Storm foi amarrado ao portão da União Zoófila (UZ) há 11 anos. Há 4.017 dias que vive na associação lisboeta, onde é “obrigado” a olhar todos os dias para o local onde os seus antigos donos o abandonaram. Já passou por muito e quis sempre viver mais um dia. Movido única e exclusivamente pela esperança de um dia poder deixar aquele portão para trás.
Os voluntários da associação já estão mais do que habituados a acolher animais que são deixados à sua porta. E não o dizem com o mínimo de orgulho: “Já aconteceu deixarem-nos transportadoras com gatos e cães na entrada, em plena luz do dia. Com pessoas a entrar e a sair. Agora, já não acontece tanto. Deixam-nos amarrados a uma árvore que está mais distante”, revela à PiT Margarida Saldanha, 49 anos.
Na UZ todos são tratados por igual pelos voluntários. Quer tenham sido encontrados na rua ou acorrentados ao portão de boas-vindas, como foi o caso do cão mix de Staffordshire e Bull Terrier. No entanto, o mesmo não acontece com os seus seguidores.
Há cães que têm mais visibilidade do que outros, nas redes sociais. E, geralmente, quanto pior estiver o animal, mais atenção tem, como foi o caso de Sombra, que viveu 11 anos sob a negligência dos donos e terá um final feliz em breve. Já Storm, luta há 14 anos para continuar a viver, mas combateu todas as batalhas no silêncio.
“Ele é um cão muito dócil e é uma história de resiliência”, destaca Margarida. Quando o cão chegou à UZ, em 2012, já vinha com leishmaniose. Mas o verdadeiro terror aconteceu quatro anos mais tarde: “Tivemos um surto de esgana no canil e, apesar de ele estar vacinado, não lhe conseguiu escapar. Aí, entrou em quarentena absoluta”.
“O facto de ter ficado uma temporada sem sair gerou algum stress e uma maior reatividade a outros cães”, recorda a voluntária. Não foi fácil voltar a trazer felicidade e energia ao cão que outrora foi amarrado no portão. Mas, aos poucos, Storm foi permitindo que o sol apaziguasse todas as tempestades.
“Ele é um grande exemplo. Safou-se da esgana, controlou a leishmaniose e ainda cegou de um olho. Agora, já não só é solto no abrigo, como vai uma vez por dia à rua”. Storm tem uma madrinha “que lhe dedica tempo” e que vai frequentemente à associação. Mas isso continua a não ser suficiente para se sentir um cão completamente feliz.
Com 14 anos, Storm já é considerado um cão sénior, o que o torna menos atrativo a possíveis adotantes e também mais fraco para lutar contra outras tempestades. Contudo, não é por isso que deixa de tentar. E a última foi a prova disso.
Em maio, o cão foi-se abaixo, devido aos problemas em andar e às dores infernais que isso lhe causava. “Pensámos que pudesse estar com uma doença osteoarticular degenerativa. Foi internado no hospital, mas voltou de lá com as mesmas dificuldades motoras”.

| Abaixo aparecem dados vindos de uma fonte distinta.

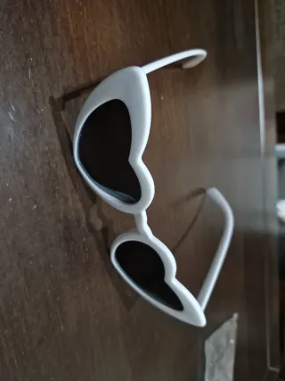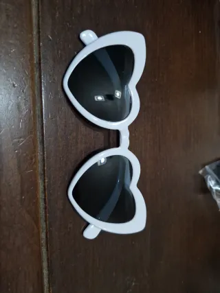 9 Gafas de sol con un diseño divertido en forma de corazón. - Montura blanca. - Lentes oscuras. 1 gafas de regalo en negro y estilo rayban. Todas nuevas en su envoltorio.
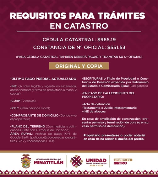 El Gobierno Municipal te informa sobre los costos y requisitos vigentes para obtener tu Cédula Catastral y Constancia de Número Oficial.
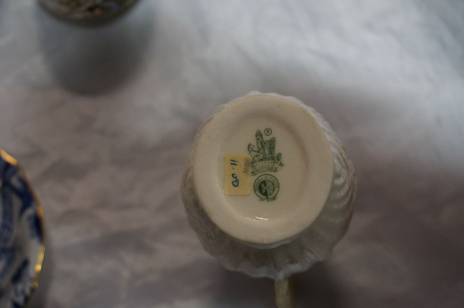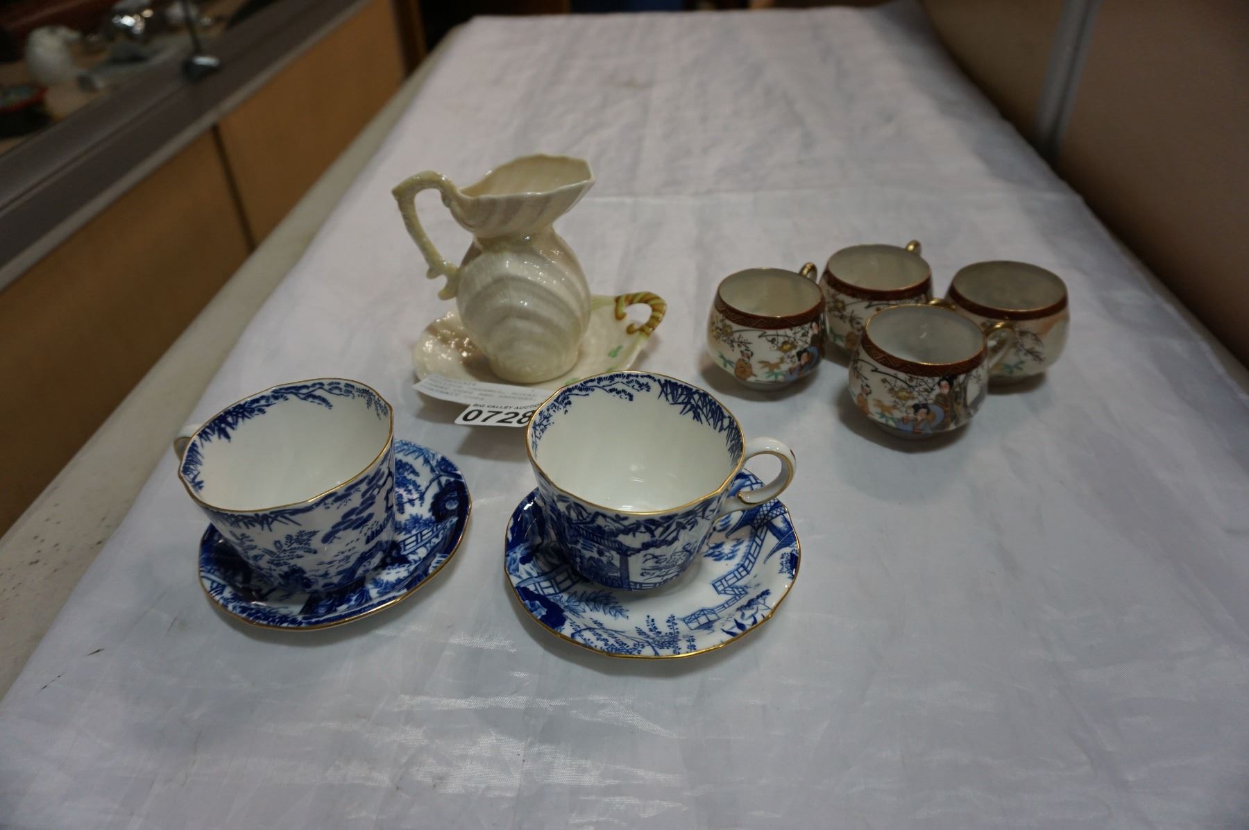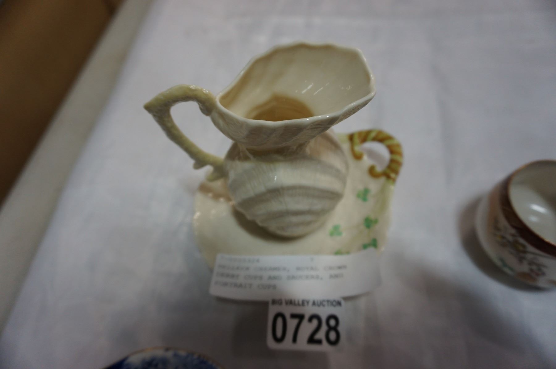 BELLEEK CREAMER, ROYAL CROWN DERBY CUPS AND SAUCERS, AND PORTRAIT CUPS

Aí, a madrinha angariou fundos para pedir uma segunda opinião a outro hospital: “Fizeram uma TAC e visualizaram duas hérnias. Foi operado em junho e já está em fase de reabilitação. Já está a andar, o que é fantástico. Ninguém estava à espera”, diz Margarida.
Storm vai ficar mais um mês na clínica de reabilitação, o que significará um custo de 600€ para a UZ, fora as despesas de alimentação e medicação: “Diria que, com este miúdo, gastámos cerca de três a quatro mil euros, no espaço de um mês. A diferença foi tratar em vez de eutanasiar”.
A “velhice” de Storm em nada impediu que tivesse uma segunda oportunidade. Pelo menos, é assim que os voluntários veem a situação. Só é pena que não seja vista dessa forma por possíveis adotantes. Mas o cão não desiste de encontrar uma família que lhe dê um último conforto no final de vida.